Phylogenetic relationship of the japonica and indica LTR-RTs was inferred using the rve gene. Multi-sequence alignment was conducted using MAFFT on all 3,613 rve genes. The alignment was then used by RAxML ver. 8.2.10 to conduct 100 bootstrap analyses to search for the best fitting maximum-likelihood tree. Phylogenetic tree was illustrated with iTOL ver. 3 (Letunic and Bork 2016).

Classification of LTR-RT into Specific Families

Annotated LTR-RTs were further classified into specific families using the 242 consensus sequences of LTR-RTs from the RetrOryza database (Chaparro et al. 2007). We used nucleotide blast (blastn) from the blast ver. 2.2.31 suite (Camacho et al. 2009) to search the RetrOryza LTR-RT sequences to each other to remove redundant consensus sequences.
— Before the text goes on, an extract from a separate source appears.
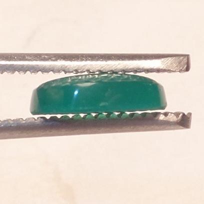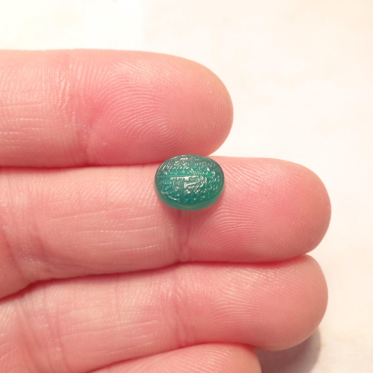 طرح : یک قطعه نگین عقیق سبز بسیار خوش رنگ و بسیار خوش طبع با طبع عالی و شیشه ای و شفاف و با تراش بیضی دیواره دار رو نسبتا محدب و زیر نسبتا تخت که بر روی آن بصورت زیبا و ظریف و مینیاتوری و به سبک نستعلیق و کرسی چینی خوب آیه : ( و من یتق الله ) = ( سوره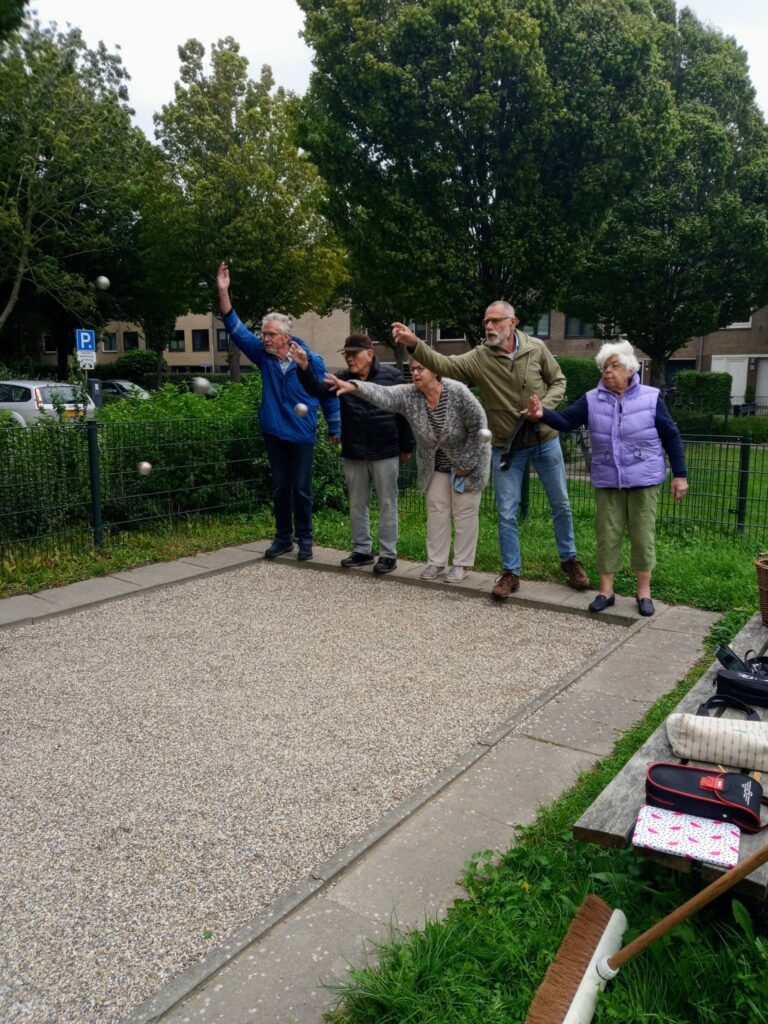 Tegenover ons Wijkcentrum ligt onze prachtige Jeu de Boulesbaan waar elke dinsdagmiddag om 14.00 uur gespeeld wordt. Door de ligging in de leuke speeltuin is de baan een echte ontmoetingsplek voor jong en ouder publiek/deelnemers en de baan voldoet aan de wedstrijdnormen.

We followed the “95-80-98” rule (Flutre et al. 2011): two consensus sequences are considered identical if it covers 98% of its length with at least 80 bp and over 95% identity. Since blast can identify multiple overlapping high scoring pairs (HSPs) between a query and target sequence, identity between the query and target sequence was calculated by averaging the percent identity of all identified HSPs. By this rule, we found dendrobat_osj was rn_561-394, osr19 was rn_219-129, osr20 was rn_89-81, osr22 was rn_453-234, and rn_44-26 was rn_44-393. We then searched our annotated LTR-RTs to the redundancy removed RetrOryza database, and a LTR-RT was identified using the “80-80-80” rule (Wicker et al. 2007): two TEs belong to the same family if they were 80% identical over at least 80 bp and 80% of their length.

LTR-RT Insertion Time Estimation

Insertion time for each LTR-RT was estimated using the approach of SanMiguel et al. (1998). The pair of LTR sequences for each LTR-RT was aligned to each other using the program MAFFT ver. 7.154 b (Katoh and Standley 2013) with the L-INS-i algorithm. DNA divergence between the sequence was estimated with the baseml program from PAML ver. 4.8 (Yang 2007) using the Kimura-2-parameter base substitution model (Kimura 1980). Divergence time (i.e., insertion time) between the pair of LTR sequence was then calculated by dividing the DNA divergence to twice the O. sativa substitution rate 1.3×10-8 (Ma and Bennetzen 2004).

Oryza sativa Recombination Rate Estimation

Recombination rate was estimated using 3267 genetic markers generated from the genetic map study of Rice Genome Project (Harushima et al. 1998; http://rgp.dna.affrc.go.jp/E/publicdata/geneticmap2000/index.html; last accessed November 4, 2017). We mapped the physical location of those genetic markers against the japonica genome using the megablast algorithm from the blast ver. 2.2.31 suite (Camacho et al. 2009). We selected genetic markers with blast results where coverage were >90% (qcovhsp > 90), percent of identical matches that were >90% (pident > 90), and markers that were located in the correct chromosome. Several markers had sequences from both 5′ and 3′ region. Both of them were considered redundant and only one end was used to map its physical position. The middle physical position of each genetic marker was used to represent its physical map position. The genetic (cM) and physical map (bp) of each marker were then loaded onto the MareyMap package (Rezvoy et al. 2007) to estimate the recombination rate (cM/Mb). The genetic versus physical map were plotted for each chromosome and visually inspected to remove anomalous genetic markers, leading to a total of 1381 markers being used (supplementary table 9, Supplementary Material online). For a given physical position of the chromosome, we used the approach of Muyle et al. (2011) to fit a loess function curve to estimate the recombination rate. Any physical position that had a negative recombination rate estimation was assumed to have a recombination rate of zero.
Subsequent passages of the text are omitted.